Drivers we spoke with Wednesday said they get the intent but fear some of the possible consequences.

"I don't necessarily agree with people going into the road and stopping the flow of traffic or causing problems with safety, but I do think it would protect someone driving just trying to maybe get through and not involved in that situation," said Clayton resident Deborah Purcell.

"The downside would definitely be that someone thinks they're protected by this bill and then they cut through traffic and maybe not be as fearful in hurting someone or harming someone that's standing in the middle of the road," offered Garner resident Kelly Gay.

That sentiment was echoed on the House floor Wednesday, and that got a swift response from the bill's primary sponsor.

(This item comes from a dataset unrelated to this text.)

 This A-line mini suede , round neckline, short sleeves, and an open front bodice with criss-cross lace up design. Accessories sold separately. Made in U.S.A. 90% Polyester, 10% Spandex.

"Ladies and gentlemen this bill is being unfairly mischaracterized," said Rep. Chris Millis - (R) Onslow.

Democrats fired back.

"You know what this bill is going to get unfairly mischaracterized? The state of North Carolina. That's what's going to get unfairly characterized because when we pass this bill we're going to be on national television again because they're going to be laughing as saying, 'Oh, look North Carolina just passed a law that makes it legal for you to run over protesters. Ha, ha, ha, ha, those dumb rednecks down there,'" said Rep. Graig Meyer - (D) Orange.

The text of the bill says a driver is protected if they are "exercising due care and injures another person who is participating in a protest or demonstration and is blocking traffic in a public right of way."

It also says a "person shall not be immune from civil liability if the actions leading to the injury were willful or wanton."